Это замечание вызвало ряд непристойностей. То высокое уважение, доходившее до преклонения, которое бедный Джон Хемминдж питал к Шекспиру, было предметом насмешки членов клуба «Сирена». Бен, особенно в эту минуту, дрожал от смеха с головы до ног. Хемминдж видел, что смеются над ним, и совершенно спокойно относился к этому. Он поднял свои большие серые глаза на предмет своей заботы. Хемминдж был здоровенный, широкоплечий мужчина. По сравнению с Бомонтом он напоминал сельского жеребца-производителя рядом с конем рыцаря. Тем не менее во время их блужданий по городским притонам разные Долли, Молли и Полли бросали многообещающие взгляды не на Бомонта, а на Джона Хемминджа.
— Правильно, Джон! — сказал Шекспир сухо. — Очень жаль, что я не увидел ее первой. Я знаю, что ты жалеешь, — и я согласен с тобой, что кто-нибудь из присутствующих здесь бедных писак родился на свет для того, чтобы лишить меня некоторой доли романтики и поэзии, которыми богата веселая Англия.
— Ах, Вилл, — Флетчер постарался дать разговору другое направление, — ты не слыхал о Дэборне и его новой детской труппе? И о новом театре неподалеку от «Парижского сада»?
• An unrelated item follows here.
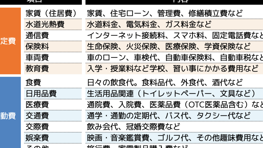 - 固定費の算出: 家賃や光熱費などの固定費をリストアップし、毎月の支出を把握します。

Разговор оживился. Чумазый мальчик-половой, испуганный взгляд которого устремлялся на Джонсона при малейшем его движении, наполнял всем кубки вином «Кэнери» снова, и снова, и снова. Пылавший в очаге огонь по временам погасал, но каждый раз кто-нибудь питал его из кучки поленьев, лежавших рядом. При вспышке пламени маленькие кружки матового стекла в окнах превращались в ряд сверкающих глаз; комната казалась наполненной людьми. Эти сверкающие глаза освещали самые далекие уголки, кроме угла, уже освещенного пламенем свечи, где Том Хэйвуд писал не переставая, несмотря на разговор, писал без конца, в то же время принимая участие в разговоре. Огромная простая горница представлялась Шекспиру семейным очагом, ибо здесь были проведены тысячи залитых вином, заполненных спором ночей. Каждая картина на стене, каждый непристойный куплет были так знакомы ему. И люди, сидевшие здесь, были его друзья, верные и испытанные. И нельзя сказать, чтобы он ни в чем не расходился с ними, в большом или в малом, или же, что он любил всех в одинаковой мере. Но не было среди них ни одного, кто не представлял бы собой яркого, красочного звена в цепи его лондонского существования. И когда яркое пламя в камине сменилось тихим мерцанием, так что лица были видимы смутно и только сверкали оловянные кубки и искрящиеся смехом глаза, Шекспир особенно остро почувствовал, как близки ему все эти люди. Он слушал их рассказы, следовавшие один за другим, и когда разговор переходил в дуэль остроумия, сопровождаемую взрывами смеха, он побуждал их снова переходить на рассказ. Но это случалось редко. Простой силой воли он превратил эту встречу в вечер анекдота и воспоминаний. Разговоров было много. Передавались последние новости, что касается скаредности Хенсло — ни один вечер в таверне «Сирена» не проходил с успехом, если не уделялось внимания Хенсло. Бомонт рассказал о том, как прошла постановка «Рыцаря пылающего пестика»; Флетчер вспомнил, как удачно Том Хэйвуд помог им в их сатире на него; Бен Джонсон рассказал о постановке «Алхимика» и о тех трудностях, которые, он испытывает в работе над новой пьесой под названием «Катилина», — «чертовски трудная драма отчаяния!» — так охарактеризовал он ее.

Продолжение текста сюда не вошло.